> MATERIAL PROVIDED:
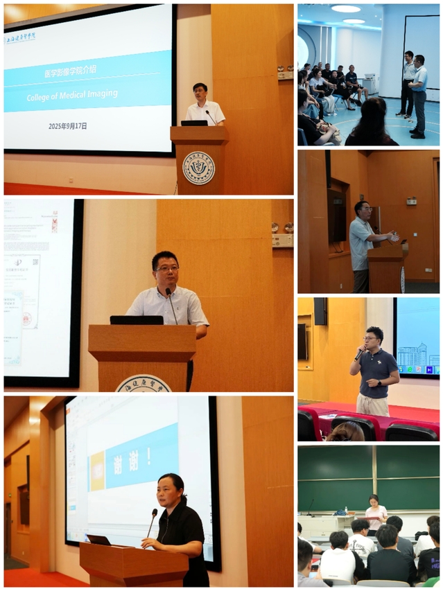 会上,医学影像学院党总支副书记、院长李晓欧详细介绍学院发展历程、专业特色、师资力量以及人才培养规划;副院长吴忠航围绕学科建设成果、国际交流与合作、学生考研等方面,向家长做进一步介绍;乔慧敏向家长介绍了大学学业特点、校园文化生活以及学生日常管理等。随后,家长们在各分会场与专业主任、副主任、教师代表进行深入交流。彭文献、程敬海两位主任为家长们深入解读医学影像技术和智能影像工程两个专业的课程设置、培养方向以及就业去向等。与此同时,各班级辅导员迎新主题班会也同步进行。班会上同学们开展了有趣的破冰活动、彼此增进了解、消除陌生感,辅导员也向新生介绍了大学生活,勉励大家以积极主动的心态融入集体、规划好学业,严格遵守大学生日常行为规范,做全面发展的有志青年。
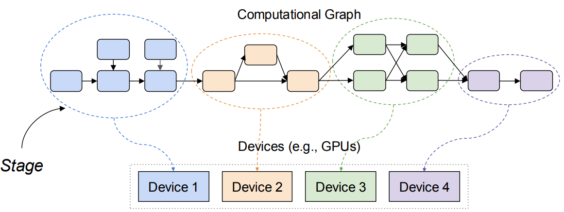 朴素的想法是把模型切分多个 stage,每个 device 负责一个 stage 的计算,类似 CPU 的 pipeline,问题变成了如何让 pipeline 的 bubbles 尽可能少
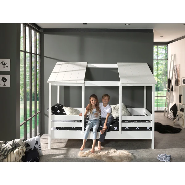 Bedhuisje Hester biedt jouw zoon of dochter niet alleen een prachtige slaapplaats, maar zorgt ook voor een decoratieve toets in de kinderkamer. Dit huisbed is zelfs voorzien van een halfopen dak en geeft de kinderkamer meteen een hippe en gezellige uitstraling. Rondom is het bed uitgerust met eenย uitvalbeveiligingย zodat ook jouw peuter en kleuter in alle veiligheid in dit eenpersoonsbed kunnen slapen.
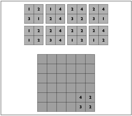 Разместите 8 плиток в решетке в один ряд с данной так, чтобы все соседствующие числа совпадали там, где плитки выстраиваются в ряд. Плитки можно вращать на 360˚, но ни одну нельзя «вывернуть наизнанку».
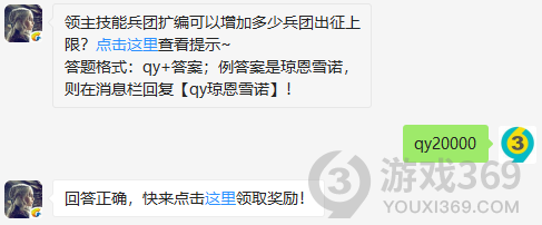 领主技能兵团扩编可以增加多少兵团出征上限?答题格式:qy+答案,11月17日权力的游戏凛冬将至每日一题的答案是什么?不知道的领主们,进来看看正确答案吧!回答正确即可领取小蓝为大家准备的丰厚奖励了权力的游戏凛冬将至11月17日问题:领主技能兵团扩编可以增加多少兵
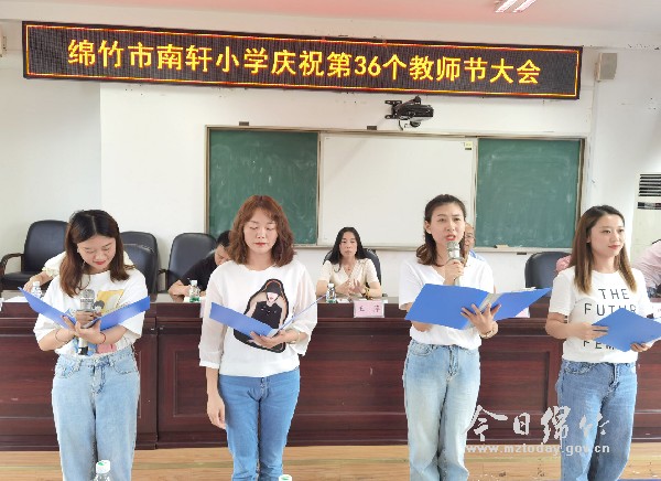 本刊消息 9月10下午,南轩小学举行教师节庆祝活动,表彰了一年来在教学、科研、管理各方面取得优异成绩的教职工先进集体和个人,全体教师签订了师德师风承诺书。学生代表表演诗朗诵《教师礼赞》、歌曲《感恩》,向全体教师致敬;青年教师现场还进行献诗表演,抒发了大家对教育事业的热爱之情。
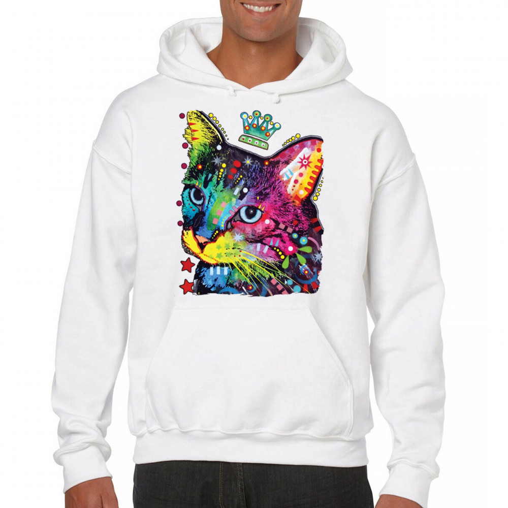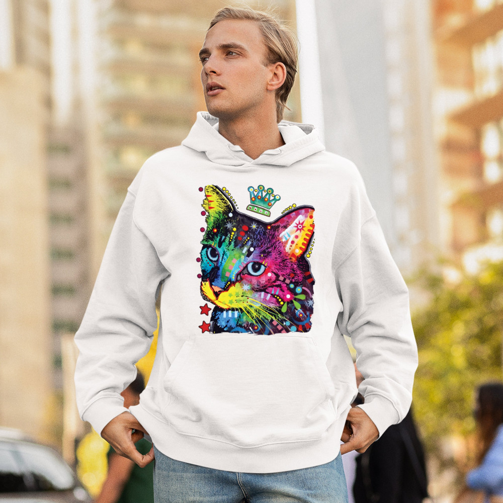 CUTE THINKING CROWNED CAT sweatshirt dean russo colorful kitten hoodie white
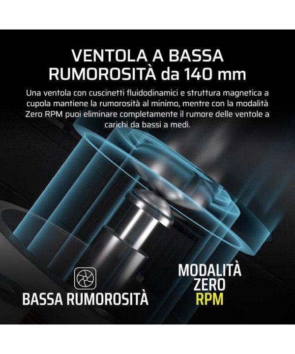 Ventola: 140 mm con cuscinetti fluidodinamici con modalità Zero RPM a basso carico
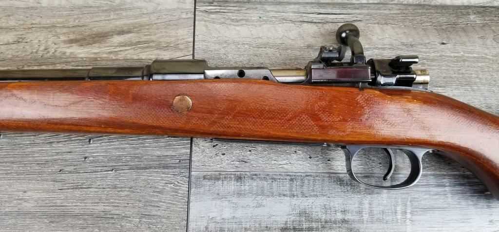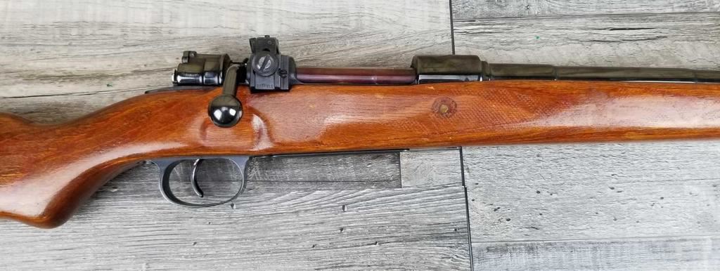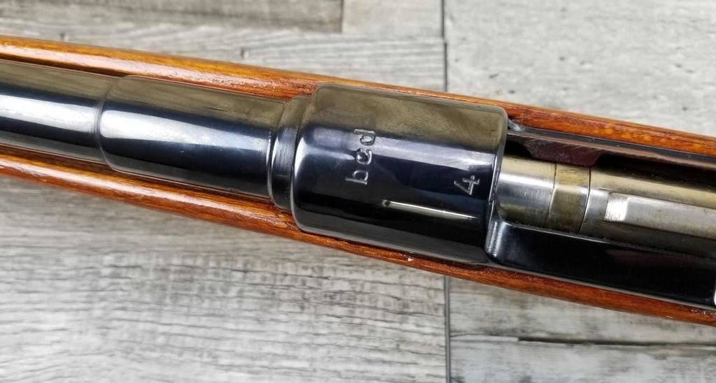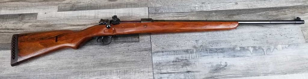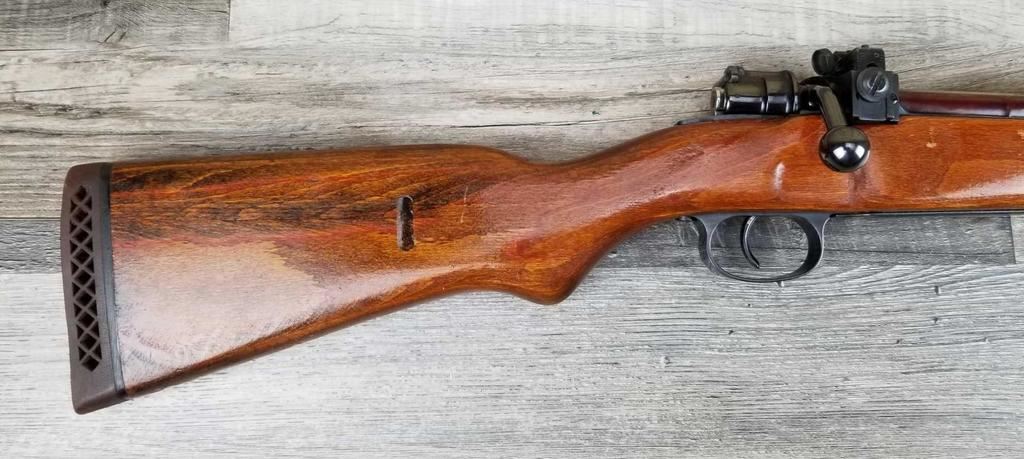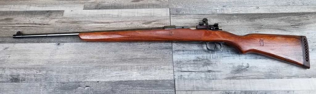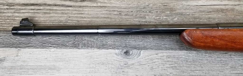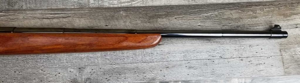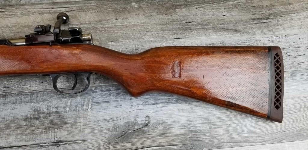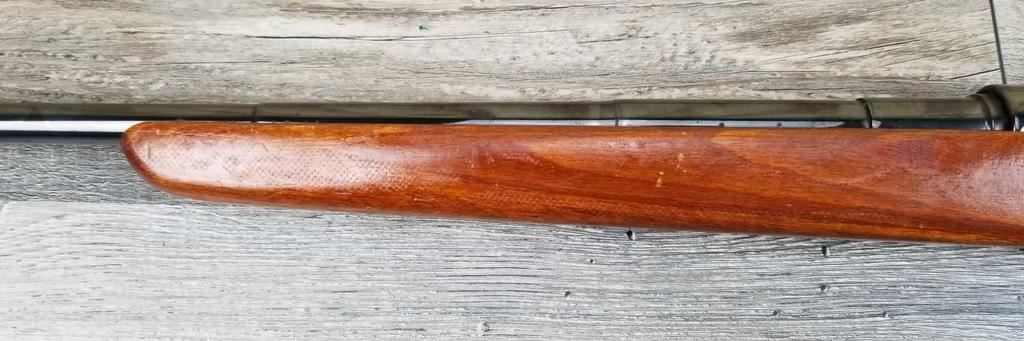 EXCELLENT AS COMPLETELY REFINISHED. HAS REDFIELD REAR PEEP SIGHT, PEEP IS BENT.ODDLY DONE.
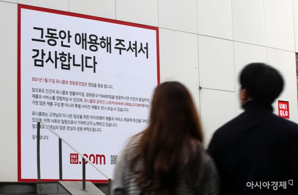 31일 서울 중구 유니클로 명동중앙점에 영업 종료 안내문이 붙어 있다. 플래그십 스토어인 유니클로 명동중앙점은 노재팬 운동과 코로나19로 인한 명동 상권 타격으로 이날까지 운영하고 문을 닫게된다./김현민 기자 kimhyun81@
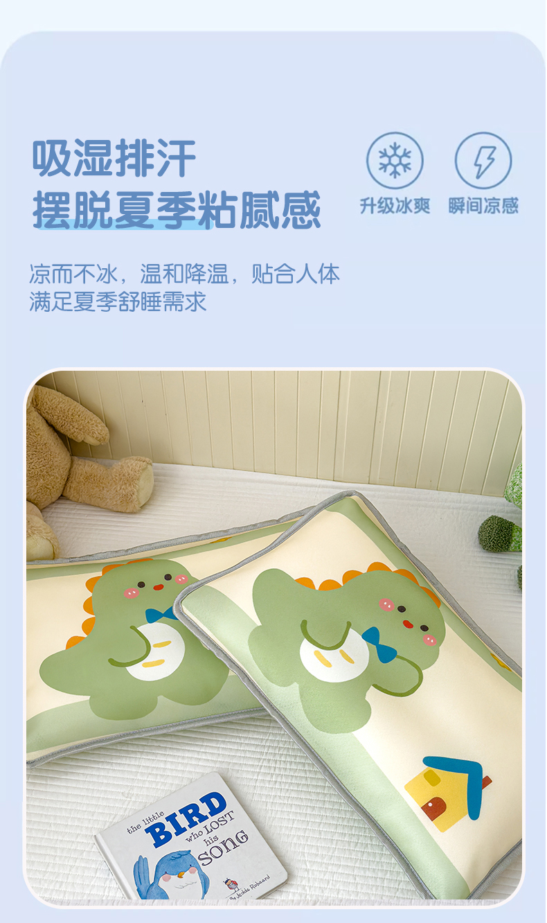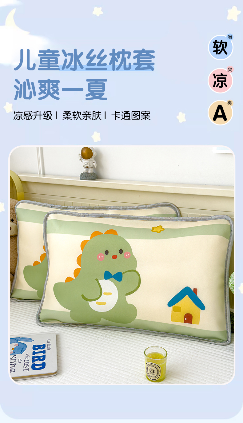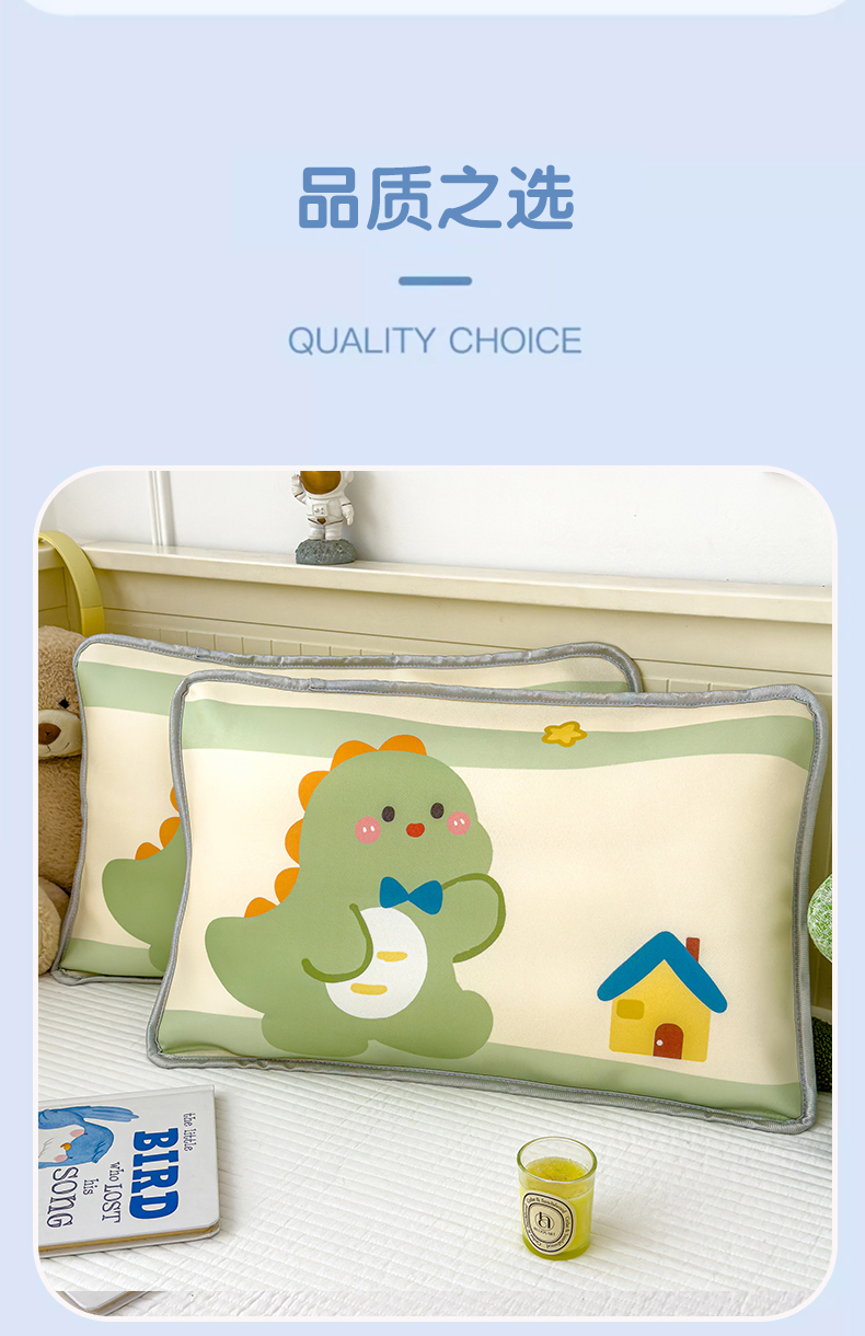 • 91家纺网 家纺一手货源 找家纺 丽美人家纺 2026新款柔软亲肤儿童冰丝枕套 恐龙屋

> ASSIGNED TASK:
Leaving the pictures aside, write out the entries above exactly.

> RESULT FOR THIS TASK:
 会上,医学影像学院党总支副书记、院长李晓欧详细介绍学院发展历程、专业特色、师资力量以及人才培养规划;副院长吴忠航围绕学科建设成果、国际交流与合作、学生考研等方面,向家长做进一步介绍;乔慧敏向家长介绍了大学学业特点、校园文化生活以及学生日常管理等。随后,家长们在各分会场与专业主任、副主任、教师代表进行深入交流。彭文献、程敬海两位主任为家长们深入解读医学影像技术和智能影像工程两个专业的课程设置、培养方向以及就业去向等。与此同时,各班级辅导员迎新主题班会也同步进行。班会上同学们开展了有趣的破冰活动、彼此增进了解、消除陌生感,辅导员也向新生介绍了大学生活,勉励大家以积极主动的心态融入集体、规划好学业,严格遵守大学生日常行为规范,做全面发展的有志青年。
 朴素的想法是把模型切分多个 stage,每个 device 负责一个 stage 的计算,类似 CPU 的 pipeline,问题变成了如何让 pipeline 的 bubbles 尽可能少
 Bedhuisje Hester biedt jouw zoon of dochter niet alleen een prachtige slaapplaats, maar zorgt ook voor een decoratieve toets in de kinderkamer. Dit huisbed is zelfs voorzien van een halfopen dak en geeft de kinderkamer meteen een hippe en gezellige uitstraling. Rondom is het bed uitgerust met eenย uitvalbeveiligingย zodat ook jouw peuter en kleuter in alle veiligheid in dit eenpersoonsbed kunnen slapen.
 Разместите 8 плиток в решетке в один ряд с данной так, чтобы все соседствующие числа совпадали там, где плитки выстраиваются в ряд. Плитки можно вращать на 360˚, но ни одну нельзя «вывернуть наизнанку».
 领主技能兵团扩编可以增加多少兵团出征上限?答题格式:qy+答案,11月17日权力的游戏凛冬将至每日一题的答案是什么?不知道的领主们,进来看看正确答案吧!回答正确即可领取小蓝为大家准备的丰厚奖励了权力的游戏凛冬将至11月17日问题:领主技能兵团扩编可以增加多少兵
 本刊消息 9月10下午,南轩小学举行教师节庆祝活动,表彰了一年来在教学、科研、管理各方面取得优异成绩的教职工先进集体和个人,全体教师签订了师德师风承诺书。学生代表表演诗朗诵《教师礼赞》、歌曲《感恩》,向全体教师致敬;青年教师现场还进行献诗表演,抒发了大家对教育事业的热爱之情。
 CUTE THINKING CROWNED CAT sweatshirt dean russo colorful kitten hoodie white
 Ventola: 140 mm con cuscinetti fluidodinamici con modalità Zero RPM a basso carico
 EXCELLENT AS COMPLETELY REFINISHED. HAS REDFIELD REAR PEEP SIGHT, PEEP IS BENT.ODDLY DONE.
 31일 서울 중구 유니클로 명동중앙점에 영업 종료 안내문이 붙어 있다. 플래그십 스토어인 유니클로 명동중앙점은 노재팬 운동과 코로나19로 인한 명동 상권 타격으로 이날까지 운영하고 문을 닫게된다./김현민 기자 kimhyun81@
 • 91家纺网 家纺一手货源 找家纺 丽美人家纺 2026新款柔软亲肤儿童冰丝枕套 恐龙屋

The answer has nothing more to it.